Paul Pierce of the law firm Kevin Winters and Company said: “Prison service policy breaches Mr McCafferty’s rights under article 10 of the European Convention [on Human Rights] relating to freedom of expression.”
The judicial review is expected to be heard next month.
Meanwhile, Sinn Féin Assembly member for Fermanagh and South Tyrone Thomas O’Reilly has expressed his concern at the conditions being experienced by those prisoners being held in the segregated wing in Maghaberry.
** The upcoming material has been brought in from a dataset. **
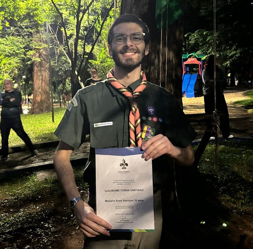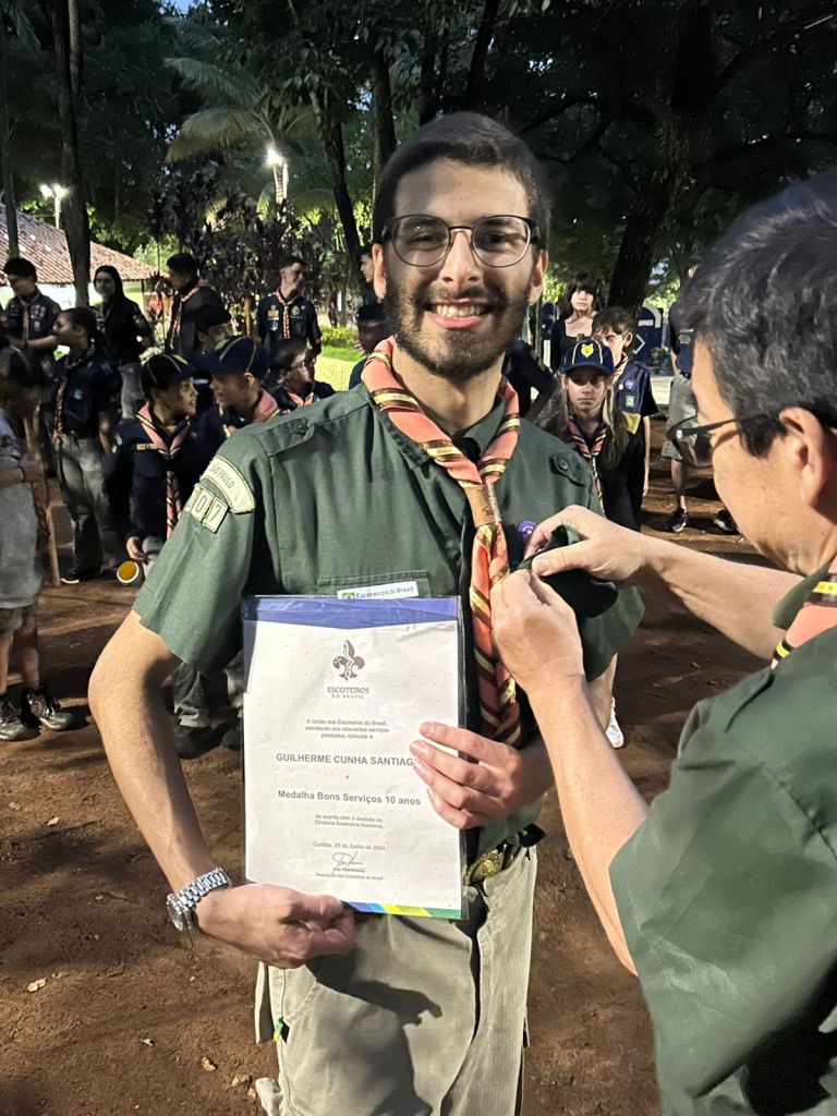 Nosso escotista do GESCS, Guilherme Cunha Santiago, recebe com muito orgulho e carinho, a Medalha de Bons Serviços – 10 anos, pelos serviços prestados!

Mr O’Reilly’s remarks come after he was contacted by the families of some of those currently being held on the republican wing in the prison.
“In August 2003 Sinn Féin made it clear to the British government that the practice of forced integration which they were attempting to operate within Maghaberry was flawed and doomed to failure,” he said.
“Shortly after this the British government did introduce a segregated section within Maghaberry to house republican prisoners in the face of opposition from the Prison Officers Association.
“Unfortunately it appears that the regime being imposed on those being held in the segregated wing differs greatly from the other parts of the prison.
Mr O’Reilly said there was a “firm belief” that the men being held in Maghaberry are “pawns in a wider battle” between the prison administration, the British government and prison warders, who he blamed for resisting equal and fair treatment for prisoners.
“I have been given numerous accounts of persistent strip searching, petty regulations and difficulties accessing adequate education facilities.”
“There must be a realisation that all prisoners have the right to be treated in a humane fashion regardless of their political or religious affiliation and that conflict within the prison system is in nobody’s interest.”